** Opening DATA UNDER STUDY block **
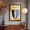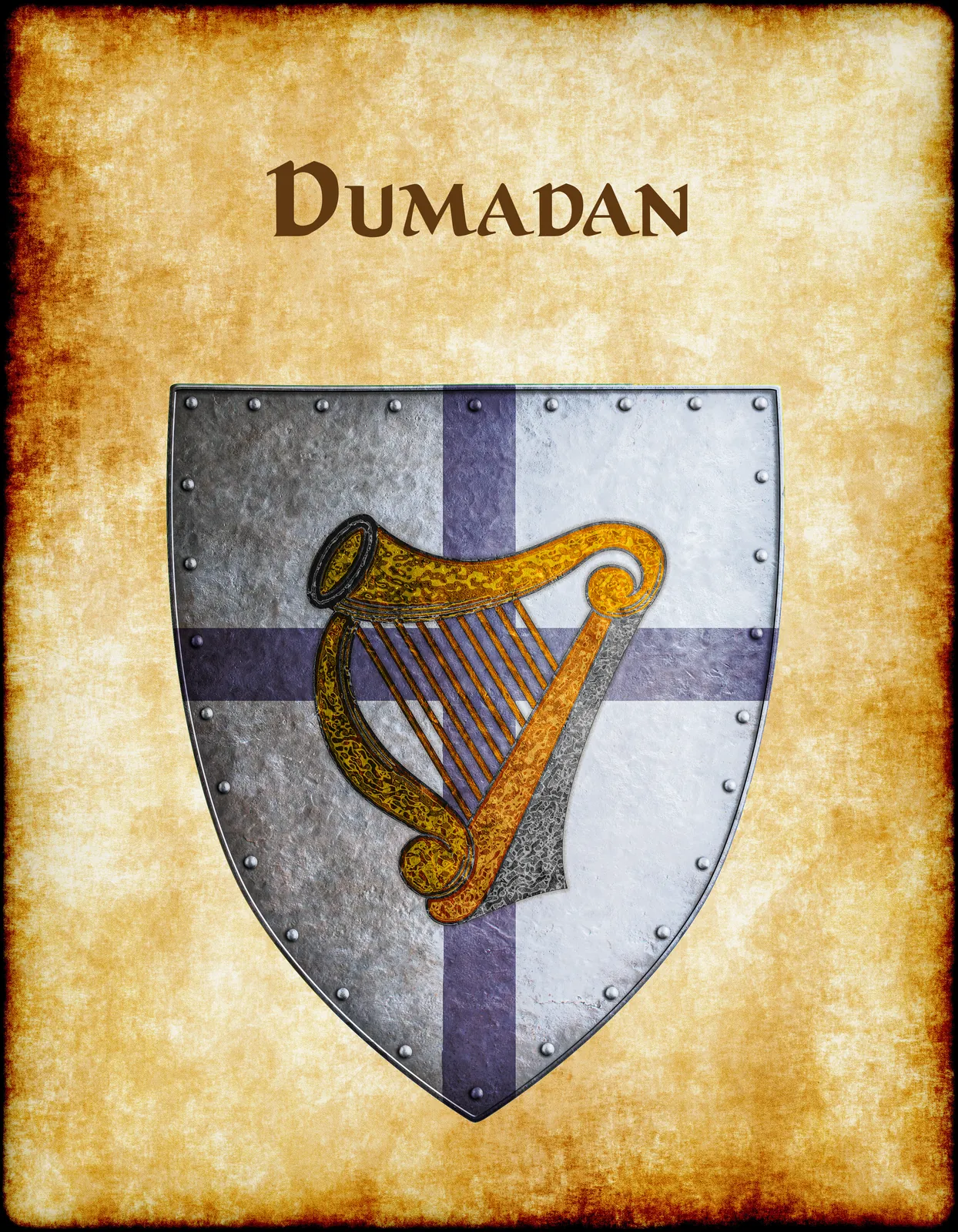 A quarterly shield displays alternating silver and purple fields beneath a golden harp. This dumadan Greyhawk heraldry canvas print captures the bardic realm’s musical heritage. Notably, antiqued gold texturing gives the central harp authentic medieval character.
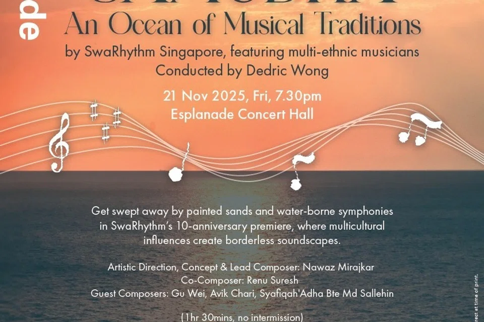 இந்தியக் கலைவிழாவின் ஓர் அங்கமான ‘கலா உற்சவம் 2025’ஐ முன்னிட்டு ‘சமுத்ரா’ என்னும் இசை நிகழ்ச்சி நவம்பர் 21 இரவு 7.30 மணிக்கு எஸ்பிளனேட் கலை அரங்கில் நடைபெறவுள்ளது.
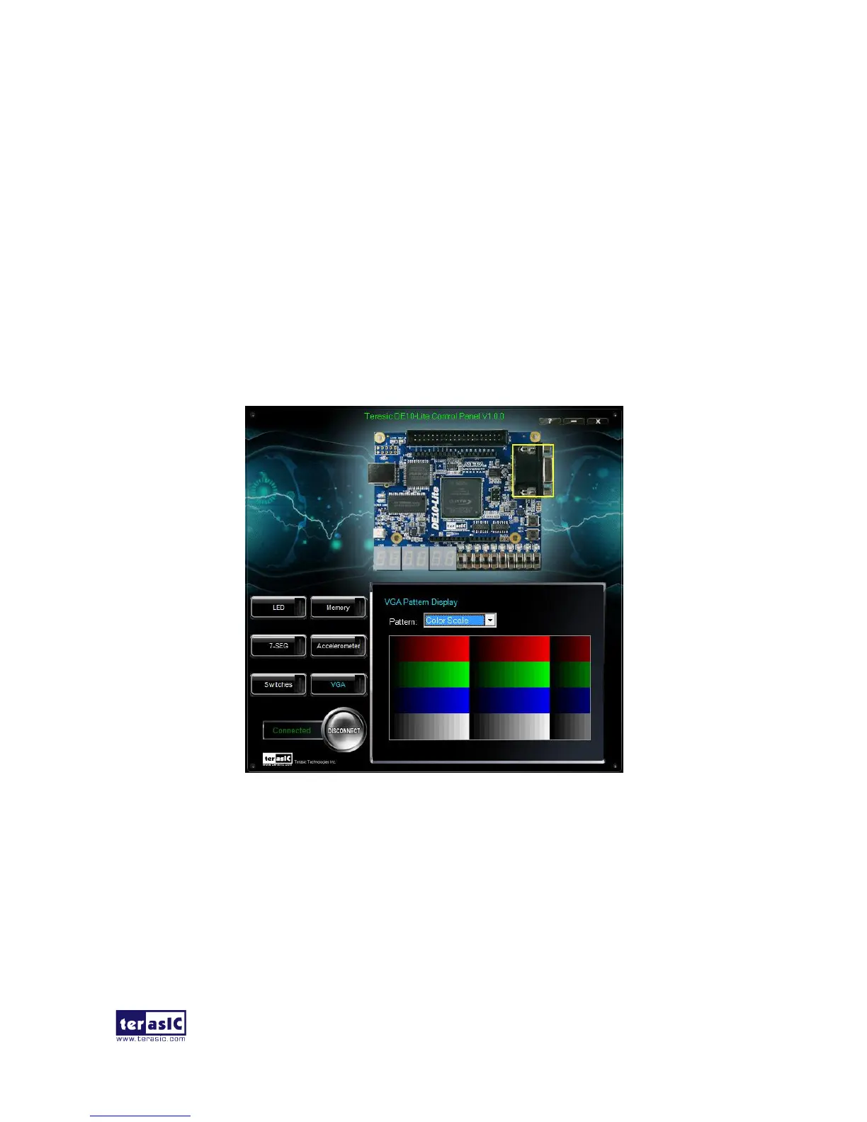 DE10-Lite Control Panel provides VGA pattern function that allows users to output color pattern to
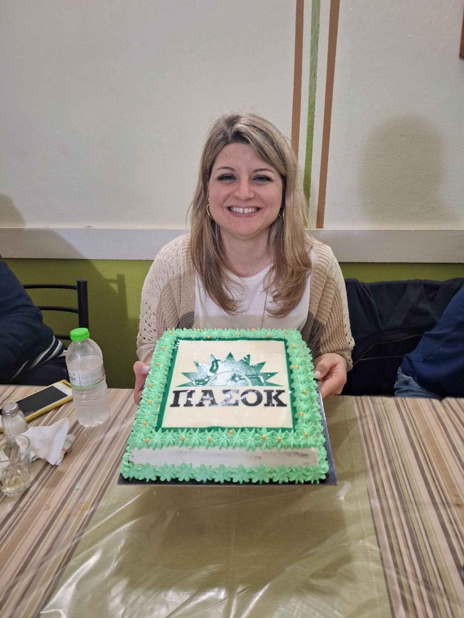 Το επιστέγασμα της βραδιάς ήταν μια γλυκιά έκπληξη που περίμενε την «ρούκι» τ. βουλευτή. Μία τούρτα διακοσμημένη με κεντρικό θέμα -τι άλλο;- τον «ήλιο» και τα χρώματα του ΠΑΣΟΚ. Το γλύκισμα δεν προσφέρθηκε χάριν κάποιας επετείου (πχ γενέθλια), αλλά οι φίλοι και συνεργάτες της «πράσινης» υποψήφιας προσδοκούν ότι το βράδυ της 25ης Ιουνίου, η ίδια θα σβήσει τα «πρώτα κεράκια» της εκ νέου εισόδου της στη Βουλή.
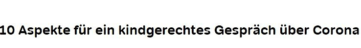 Um Kindern die Möglichkeit zu geben, Beobachtungen einzuordnen und Sorgen zu teilen, ist es wichtig mit ihnen über Corona zu sprechen. Da viele Fragen rund um das Virus noch offen sind, kann ein Gespräch nicht immer alle Ängste nehmen. Ziel sollte es sein, Kinder einen geschützten Raum zur Auseinandersetzung mit dem Thema zu geben.
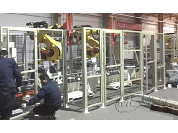 機(jī)器人護(hù)罩是在設(shè)備外圍建立安全范圍防護(hù)措施,以劃分安全范圍,阻隔人或物與設(shè)備直接接觸,起到安全警示作用,常和報(bào)警及斷電設(shè)備配套使用。框架部分使用鋁型材,配合絲網(wǎng)、亞克力、PC等各類板材,通過(guò)鋁型材配件安裝膨脹螺栓連接鋁型材立柱和地面。
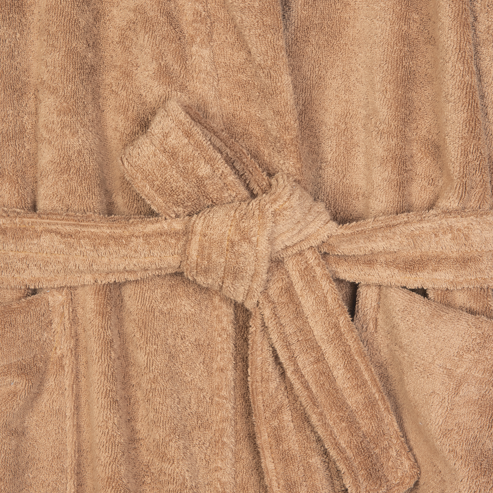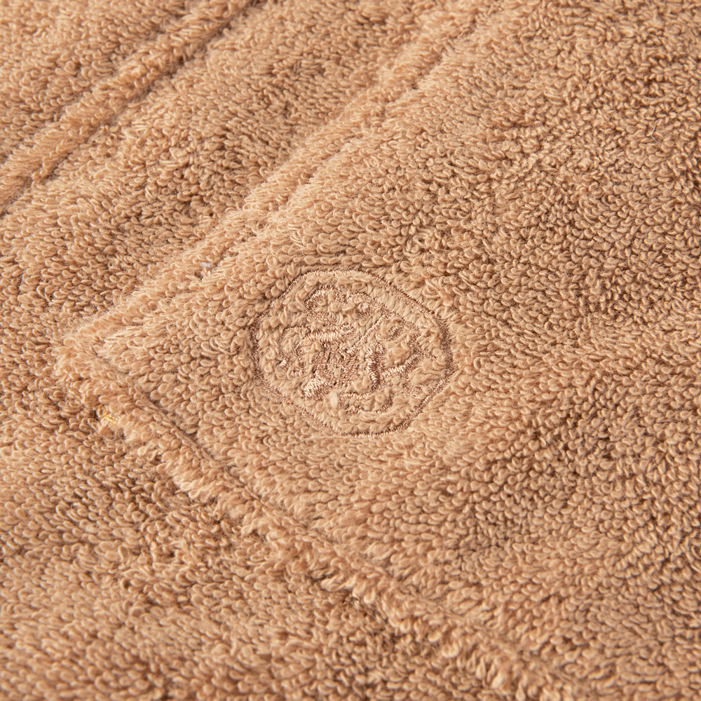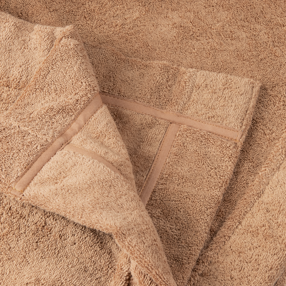 Badekåpen har to store lommer foran med brodert logo og en lengde som går til under kneet. Den har bomullskantebånd på de innvendige sømmene – en eksklusiv detalj som skaper ekstra komfort.
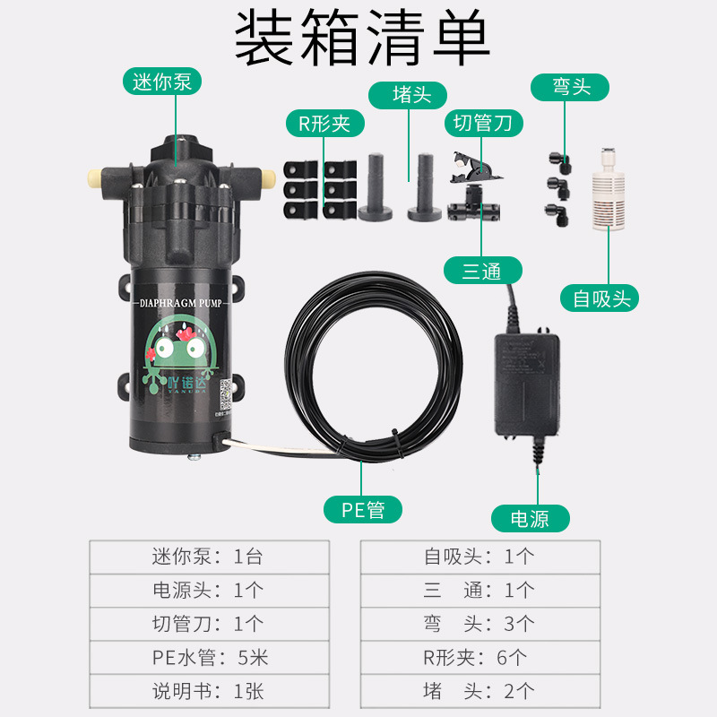 3、第一次使用管子与泵体中都有一定的空气,安装好后,末端喷头的堵头,先不要堵,待泵吸出水后,在堵上,即为排空气完成。
** Closing DATA UNDER STUDY block **
- [TASK OBJECTIVE]:
Pictures stay out; everything else in the listing above gets restated word for word.

- [RESPONSE TO THIS TASK]:
 A quarterly shield displays alternating silver and purple fields beneath a golden harp. This dumadan Greyhawk heraldry canvas print captures the bardic realm’s musical heritage. Notably, antiqued gold texturing gives the central harp authentic medieval character.
 இந்தியக் கலைவிழாவின் ஓர் அங்கமான ‘கலா உற்சவம் 2025’ஐ முன்னிட்டு ‘சமுத்ரா’ என்னும் இசை நிகழ்ச்சி நவம்பர் 21 இரவு 7.30 மணிக்கு எஸ்பிளனேட் கலை அரங்கில் நடைபெறவுள்ளது.
 DE10-Lite Control Panel provides VGA pattern function that allows users to output color pattern to
 Το επιστέγασμα της βραδιάς ήταν μια γλυκιά έκπληξη που περίμενε την «ρούκι» τ. βουλευτή. Μία τούρτα διακοσμημένη με κεντρικό θέμα -τι άλλο;- τον «ήλιο» και τα χρώματα του ΠΑΣΟΚ. Το γλύκισμα δεν προσφέρθηκε χάριν κάποιας επετείου (πχ γενέθλια), αλλά οι φίλοι και συνεργάτες της «πράσινης» υποψήφιας προσδοκούν ότι το βράδυ της 25ης Ιουνίου, η ίδια θα σβήσει τα «πρώτα κεράκια» της εκ νέου εισόδου της στη Βουλή.
 Um Kindern die Möglichkeit zu geben, Beobachtungen einzuordnen und Sorgen zu teilen, ist es wichtig mit ihnen über Corona zu sprechen. Da viele Fragen rund um das Virus noch offen sind, kann ein Gespräch nicht immer alle Ängste nehmen. Ziel sollte es sein, Kinder einen geschützten Raum zur Auseinandersetzung mit dem Thema zu geben.
 機(jī)器人護(hù)罩是在設(shè)備外圍建立安全范圍防護(hù)措施,以劃分安全范圍,阻隔人或物與設(shè)備直接接觸,起到安全警示作用,常和報(bào)警及斷電設(shè)備配套使用。框架部分使用鋁型材,配合絲網(wǎng)、亞克力、PC等各類板材,通過(guò)鋁型材配件安裝膨脹螺栓連接鋁型材立柱和地面。
 Badekåpen har to store lommer foran med brodert logo og en lengde som går til under kneet. Den har bomullskantebånd på de innvendige sømmene – en eksklusiv detalj som skaper ekstra komfort.
 3、第一次使用管子与泵体中都有一定的空气,安装好后,末端喷头的堵头,先不要堵,待泵吸出水后,在堵上,即为排空气完成。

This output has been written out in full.